Tuesday, September 17, 2013

Sai Mai - Another Special Isaan Treat




Roadside Vendor Making "Crepes" for Sai Mai

We had to go out to Tahsang Village on Sunday for Duang to take her father to the hospital for his scheduled appointment.  I have often mentioned that there are no secrets here in Isaan,  Well once again it was proven in regards to our planned trip out to the village.  On Saturday during one of my wife's daily calls with her family, a message from our 4-1/2 year old grandson, Peelawat, was conveyed to Duang.  Peelawat reminded her to stop along the road and buy him some Sai Mai.

We live very close to Highway 2 the main road from the Lao border south to the Bangkok area.  We travel on Highway 2 on our journeys out to Tahsang Village.  Highway 2 is typically a 4 lane separated modern road.  Despite being a modern thoroughfare, the highway can be quite interesting.  The King has sponsored a program, OTOP (One Tambon, One Product) where sub-districts (over 7,000 of them) focus on marketing a single handicraft or product.  Along the road just before the turn off to Kumphawapi, the road in both directions is lined with little stands built out of bamboo and sheltered by a large umbrella where local people sell a local specialty - sticky rice cooked inside of bamboo with coconut milk and a few beans.  If I understood my wife properly and have spelled it correctly, it is known as "Pan Kao Thai".

Further south along the road you will find villages where Isaan Sausages are cooked and sold to motorists.  In other locations, bottles of honey are for sale.  Not all the products are edible along the road.  In some areas, pottery, walking canes, rattan furniture, and textiles are featured.

Of course anywhere along the road, you will come upon places where people are grilling chickens and serving other foods to passersbys.

I have written about the seasonal treat, kao tawtek, that is now being prepared for Kao Sa on 19 September.  September is also the time for preparing and consuming another special treat - Sai Mai.  Spotted along Highway 2 on the way to Kumphawapi are stalls that are selling Sai Mai.  We stopped at one just before the Udonthani Mail Sorting Facility.


Sai Mai is a two component treat that is assembled by the consumer.  Sai Mai consists of small thin crepes that have a sugar product placed on it and rolled up to be eaten.   The sugar product resembles asbestos in texture as well as coloring.  It seems to be a Thai form of cotton candy.  It melts quickly and completely in your mouth.  It is softer and less stiff than American cotton candy.  It resembles chopped soft fibers rather than spun filaments of cotton candy.  The Thai product can be rolled and molded into compact balls quite easily but that it not the accepted practice for eating it.  This component is purchased from manufacturers. Sai Mai vendors distribute the product in various sized plastic bags sealed with elastic bands for sale.

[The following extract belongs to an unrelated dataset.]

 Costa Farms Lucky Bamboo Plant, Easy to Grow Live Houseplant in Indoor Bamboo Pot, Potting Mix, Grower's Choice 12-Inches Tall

The second component of Sai Mai is a small diameter thin crepe.  The crepes are made freshly at the stall and several are placed in small plastic bags.  The crepes are made out of rice flour and water.  Unlike crepes that include eggs, salt, and vanilla, in a runny matter these crepes are a thick paste that is smeared on the hot griddle BY HAND.

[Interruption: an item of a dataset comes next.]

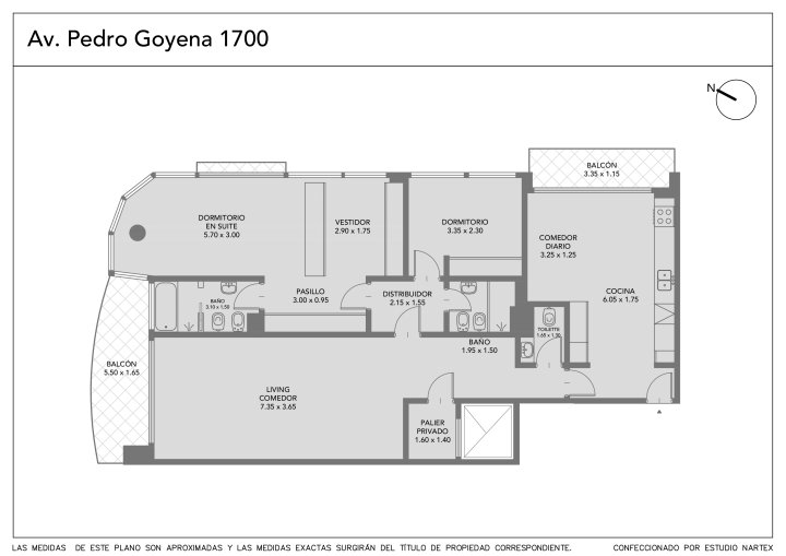 Es un departamento de 4 ambientes transformado a 3 con gran vestidor en dormitorio principal de 128 m² totales (117 m² cubiertos), situado en el 5° piso sobre Av. Pedro Goyena al 1700, en el barrio de Caballito.

The griddle is a typical propane gas open flame device - just like I have seen used in Europe to make crepes.  I watched in awe as the vendor grabbed a handful of rice flour paste and smeared three small circles on the hot plate.  Almost immediately after finishing the third circle, the vendor used a thin pastry scraper in his other hand to remove and stack the one millimeter thick crepes on a table near the stove.  After creating a stack of around one centimeter thick, the stacked crepes were carefully placed in a small plastic bag after the vendor washed his "paste" hand in a nearby tub of water.



We bought two bags of Sai Mai and associated bags of crepes for 50 baht ($1.50 USD).

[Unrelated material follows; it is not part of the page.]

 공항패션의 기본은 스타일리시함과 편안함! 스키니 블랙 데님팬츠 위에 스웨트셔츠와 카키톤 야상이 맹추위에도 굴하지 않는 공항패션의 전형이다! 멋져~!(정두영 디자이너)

Upon arrival in Tahsang Village we were enthusiastically welcomed by Peelawat, Kwan, Tey, Mai, Phere, and Phu.  We sat upon the raised platform outside of the home and laid out the Sai Mai. components.  In a process very much like "rolling your own", the children carefully separated a crepe from the stack, laid it flat in their hand, grabbed some of the sugar product in their other hand, sprinkled the sugar fibers across the center-line of the crepe, folded the filled crepe in half and rolled it into a tube.  The completed treat was then consumed in two to three bites.  Duang and I joined in the feeding frenzy.  In very little time, the treats were completely consumed.

I suspect that we will be enjoying some more Sai Mai before the season is over.